As seen in 2008, on a large scale, economic and market changes can impact your investment. Many times these changes are out of anyone’s control. What is controllable is strategically selecting markets with strong, consistent economic indicators like population and job growth. Two main benefits of larger commercial properties are their ability to withstand common market shifts and major corrections with the ability to buy and hold. These properties are resilient as they continue to actively generate cash flow during the hold period, further mitigating risk.
As an investor myself, the biggest risk I see is to ensure you choose an experienced and trustworthy syndicator with a proven track record. It is essential to vet any syndicators before deciding to invest. Finding the right partners who can mitigate risks and protect your investment. A good syndicator who knows how to execute and manage problems as they arise, because they will arise, will be the difference between an anxiety-filled roller coaster ride or smooth sailing into the sunset with a mai tai.
How To Invest In Real Estate Syndication
Before investing, you must establish that you meet the eligibility criteria for investing in a real estate syndication. To be eligible, you must be a sophisticated investor or accredited investor.
A sophisticated investor understands what real estate syndication is, how it works and can assess for themselves what makes a good or bad investment. They also need to “know” the syndicator, meaning you have an established relationship prior to ever being asked to invest. Only then can a sophisticated investor be able to invest in a 506(b) offering which cannot be advertised to the public. Another form of gate-keeping that has been done to both protect and limit it’s opportunity for the average person.

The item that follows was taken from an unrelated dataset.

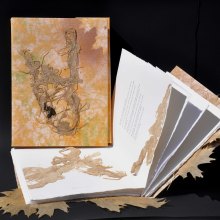 Les ouvrages réalisés mettent en scène le mot : forme, papier, caractères, gravures, similigravures portent visuellement l’écrit. Graphisme et texte ont le même poids, la même importance, il s’agit d’une double empreinte.
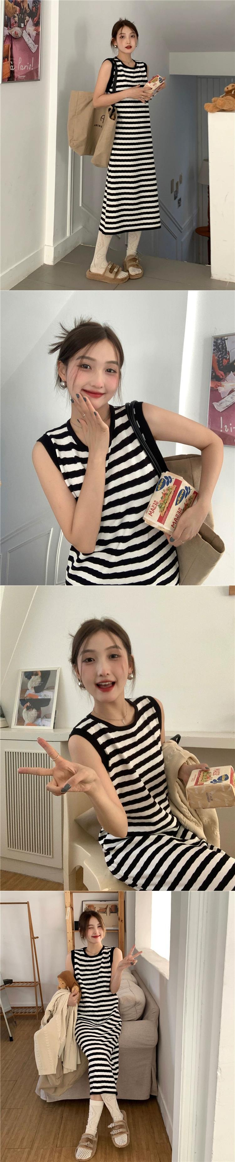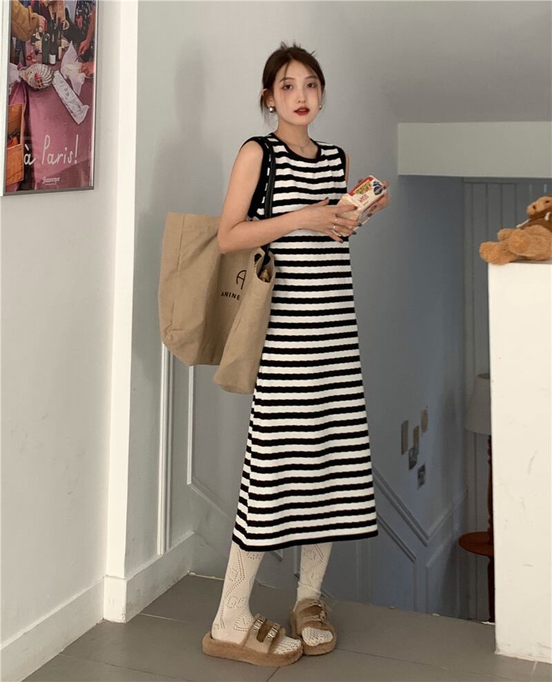 コントラストカラーストライプニットベストドレス女性の夏の 2023 新しいオールマッチデザイン感覚ルーズスリムミドル丈スカート サマー 夏物 0921999812250860

An accredited investor is someone who:
Earned income in excess of $200,000 (or $300,000 together with a spouse or spousal equivalent) in each of the prior two years and is reasonably expected to earn the same for the current year, OR
Has a net worth of over $1 million, alone or with a spouse or spousal equivalent (excluding the value of the person’s primary residence).
This opens up the opportunity for an accredited investor to invest not only in a 506(b) offering but a 506(c) offering.
Whether you currently meet the requirements to invest in a real estate syndication or not, you can start the most important part as a passive investor: finding the syndicators.
The internet has made networking to find like-minded investors and reputable syndicators much easier. Leverage social media (LinkedIn, Facebook, Twitter, etc.) or in-person meetup groups (Meetup, Eventbrite, etc.) to find these people and grow your knowledge. Once you find a syndicator you are interested in investing with, sign-up for their deal flow list and newsletters to stay up to date on their latest real estate syndication offers. These newsletters often contain a goldmine of valuable information to help you meet the criteria above if you do not already.
Are you still wondering why you have not been invited to the party?
Take this as your invitation to the syndication party.
Disclaimer: The information provided in this article is for educational purposes only and does not constitute financial or investment advice. Always consult with a financial or investment professional before making any investment decisions.